Our third, spooky what if? involved a ghost looking for a new home. Damaris’s ghost would inhabit a rose-scented candle, bringing soothing scents to the whole world. What a lovely idea Damaris. Nigel’s doggerel verse had the ghost of Donald Trump still not leaving, and Tony’s homeless ghost finally takes up residence in Buckingham Palace. When my ghost’s old haunt is demolished, he plans to occupy the cab of the wrecking ball that knocked it down. Scaring the operator into knocking down the wrong buildings might provide a bit of innocent fun.

After the coffee break, Fiona delivered the long awaited results of last year’s Drama Competition.

1st  Carey McCabe

2nd   Graeme St Clair

3rd  Carolyn O’Hara

Congratulations to the winners.

Writing prompt number four asked What if you woke in the night and the light won’t work – why?

We had lots of duff bulbs and blown fuses. Damaris blamed the dog for tripping over the cable and pulling the plug out. Kirsty had an evil blackness swallowing all the light in the world – (creepy) My worrying night-time experience was revealed as a dream by the unexpected presence of orange, fluffy slippers.

Our final exercise was – What if you find an old chest of drawers with a piece of paper inside? What does it say?

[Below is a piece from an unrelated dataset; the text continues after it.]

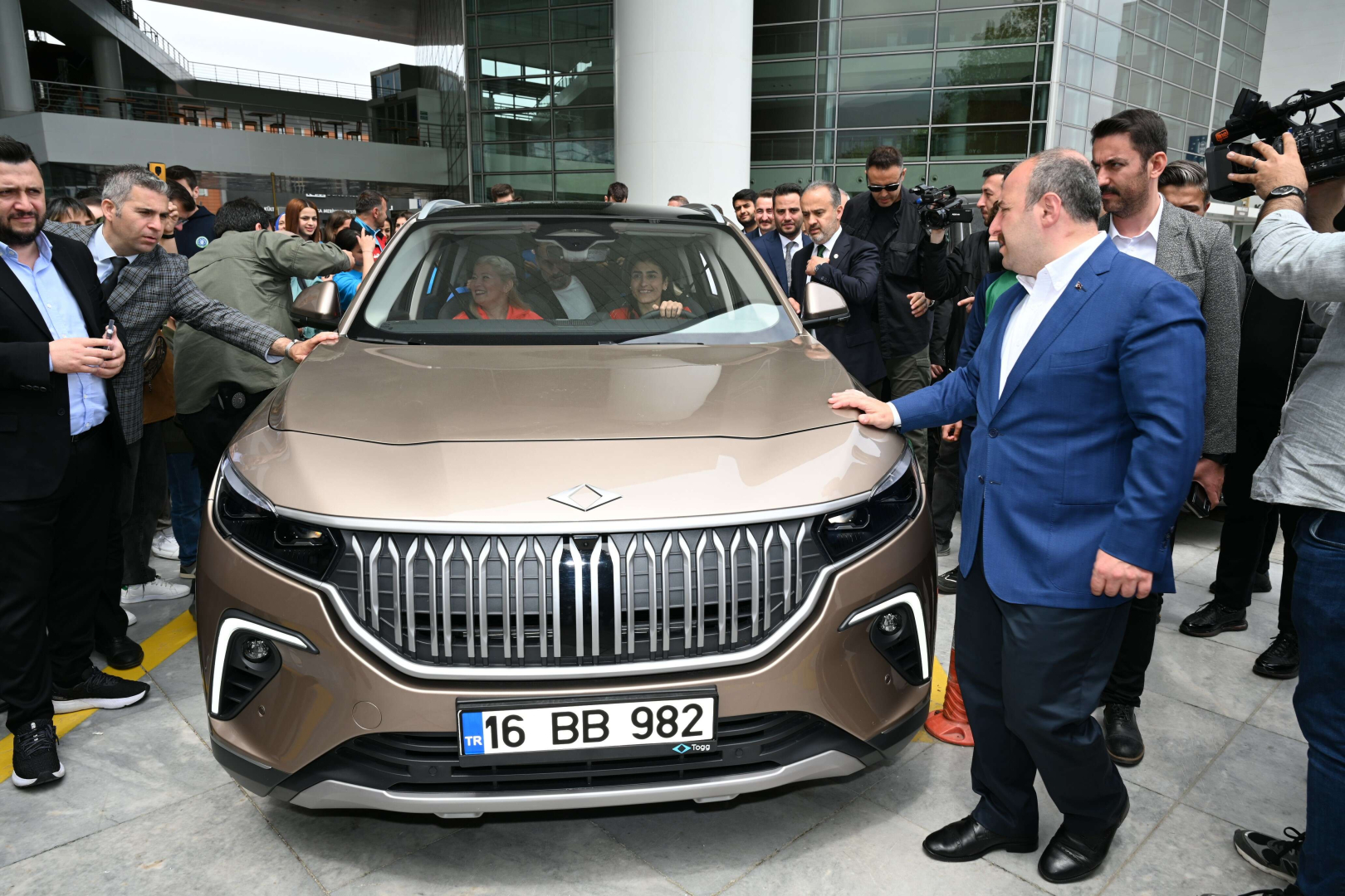 Ödül töreninin ardından Bakan Varank, Büyükşehir Belediye Başkanı Aktaş ve sporcular, arabanın yanına geçti. 'Kapadokya' rengi Togg'un direksiyonuna geçen tekvandocu İlgün, kornaya basa basa yanındaki arkadaşlarıyla tur atma fırsatı buldu.

Nigel’s was a lovely piece full of wood-working references, as his chest of drawers was an apprentice piece. Tony’s junk shop bargain held an envelope saying ‘Do not open.’ Inside was a note saying, ‘Didn’t you read the envelope?’ Ha, ha! My torn paper only had half a message, so we shall never know where the key to the safe is hidden. Damaris’s note says ‘Destroy me – I will self destruct.’ Destroy what – the paper or the chest? Damaris is still waiting for the bang.

So, another enjoyable and productive evening. Thank you Jeanette for a great selection of prompts. You never know, some of these might surface in future competitions as stories, sketches or poems. We’ll be looking out for them.

Maggie Bolton

One comment

  1. Joanne Bailey

    Excellent blog Maggie, and very prompt.